Python SDK for cloud Storages

Getting started

This tutorial makes use of a generator trained on the MovieLens dataset, consisting of a user, movie and ratings table.

We will be using the data schema already introduced in the Setting up a multi table synthesiser tutorial — please see this tutorial if you are not familiar with configuring a multi table synthesiser.

The storage of each bucket is assumed to have the following structure

hazy-s3-demo
├── datasets               # holds the MovieLens training data
│   └── movielens
│       ├── movie.csv
│       ├── ratings.csv
│       └── user.csv
├── models                 # holds trained Hazy model `.hmf` files
└── synth                  # holds synthesised data
    └── movielens

Note: The hazy-cloud-demo bucket is only a placeholder and not a real cloud bucket that you can connect to.

Example with AWS S3

Setting AWS access credentials

To provide the synthesiser access to S3 storage, an AWS access key ID and secret access key must be set.

These will be passed into the synthesiser container in the form of environment variables with expected names AWS_ACCESS_KEY_ID and AWS_SECRET_ACCESS_KEY during training and generation.

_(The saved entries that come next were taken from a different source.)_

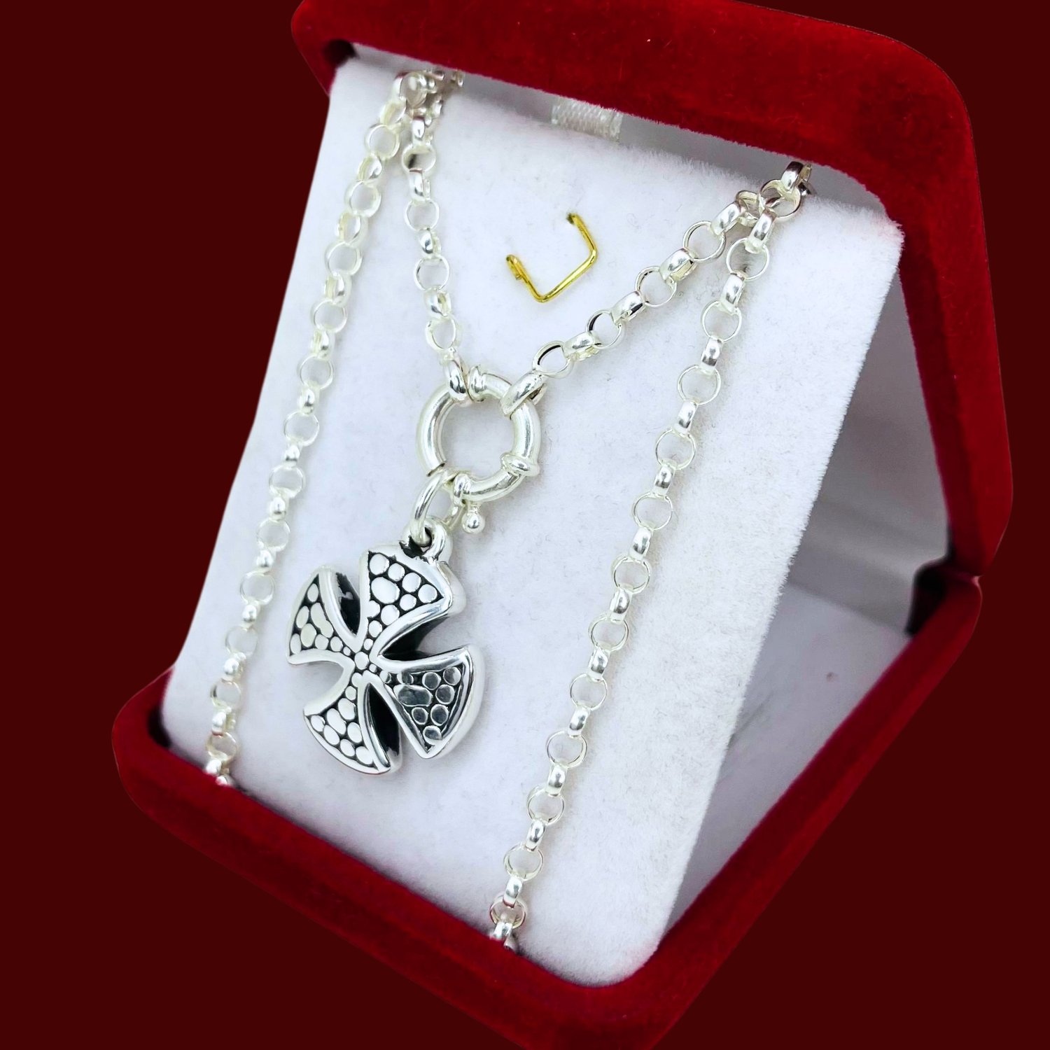 Conjunto cadena rolo N0000 con Dije inflado cruz cristobal colon Plata 925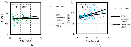 The findings of this study resulted in the exclusion of a few participants due to a significant decrease in chromatic sensitivity thresholds RG (n = 1), BY (n = 3), RG and BY (n = 1) on the CAD test according to norms suggested by the literature. Interestingly, these individuals exhibited changes solely on the CAD test and not with other colour vision tests. The participants’ performance on the CAD test during routine colour vision exams is determined by two parameters—RG and BY chromatic thresholds. Chromatic sensitivity thresholds RG and BY represent normalized chromatic sensitivity threshold values calculated in the colour directions corresponding to 67 and 334 degrees in the CIExy colour space [5]. In the colour direction BY, L and M cone excitation does not differ from L and M cone excitation by achromatic background, which enables the examination of S cone chromatic sensitivity thresholds. Conversely, in the RG colour direction, S cone excitation does not differ from S cone excitation by the achromatic background. This allows for the separate assessment of L and M cones, isolating their responses from those of the S cones. No statistically significant linear relationship was found between the age of study participants and chromatic sensitivity thresholds RG measured by the CAD test (). On the other hand, a statistically significant relationship between age and BY chromatic thresholds () was found. However, the linear regression model only accounts for 15.50% of the variability in BY chromatic sensitivity thresholds (Figure 2).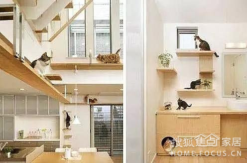 5.可以設(shè)置了一個步步高貓爬架。可以給好幾只貓?zhí)峁┩瑫r睡覺還不互相打擾的地方。然后和這個貓爬架相連的是一整面墻的貓?zhí)_。

You may specify these credentials as strings in your Python code directly.

env = {
    "AWS_ACCESS_KEY_ID": "my-access-key-id",
    "AWS_SECRET_ACCESS_KEY": "my-secret-access-key",
}

However for sensitive information such as access keys, it is usually preferable to define environment variables on your own machine and read these into Python code using os.environ.

env = {
    "AWS_ACCESS_KEY_ID": os.environ["AWS_ACCESS_KEY_ID"],
    "AWS_SECRET_ACCESS_KEY": os.environ["AWS_SECRET_ACCESS_KEY"],
}

Specifying input locations

DataLocationInput is used to specify the location to read data for a single table.

We specify paths to the S3 cloud objects holding the training data by prefixing with s3://.

USER = "user"
MOVIE = "movie"
RATINGS = "ratings"

data_input = [
    DataLocationInput(
        name=table,
        location=f"s3://hazy-s3-demo/datasets/movielens/{table}.csv",
    )
    for table in (USER, MOVIE, RATINGS)
]

Training and storing a generator model

We now train a new generator model by providing a TrainingConfig which includes the data schema from the multi table tutorial and the input locations that we defined in data_input and our AWS access credentials that we specified in env.

We will store the trained generator in our S3 bucket at s3://hazy-s3-demo/models/movielens.hmf.

synth = SynthDocker(image="docker_image:tag")

synth.train(
    cfg=TrainingConfig(
        model_output="s3://hazy-s3-demo/models/movielens.hmf",
        data_input=data_input,
        data_schema=DataSchema(...),  # schema from multi table tutorial
    ),
    env=env,
)

Once training is complete, s3://hazy-s3-demo/models/movielens.hmf should now be available in your S3 bucket.

Fetching a trained generator model and synthesising data

The trained model can be retrieved by setting s3://hazy-s3-demo/models/movielens.hmf in GenerationConfig.

We can specify our desired synthetic data output locations as S3 paths.

Note: Environment variables must be provided to both the train and generate methods.

In this example we use the same set of environment variables for training and generation, but this is not necessary.

synth.generate(
    cfg=GenerationConfig(
        model="s3://hazy-s3-demo/models/movielens.hmf",
        data_output=[
            DataLocationOutput(
                name=USER,
                location=f"s3://hazy-s3-demo/synth/movielens/{USER}.csv",
            ),
            DataLocationOutput(
                name=MOVIE,
                location=f"s3://hazy-s3-demo/synth/movielens/{MOVIE}.csv",
            ),
            DataLocationOutput(
                name=RATINGS,
                location=f"s3://hazy-s3-demo/synth/movielens/{RATINGS}.csv",
            ),
        ],
    ),
    env=env,
)

Once generation is complete, you should be able to see the output CSV files in s3://hazy-s3-demo/synth/movielens/.

Other cloud storages

Please refer to your corresponding cloud provider and provide the right environment variables for accessing these buckets. Hazy uses the standard environment for each cloud storage provider.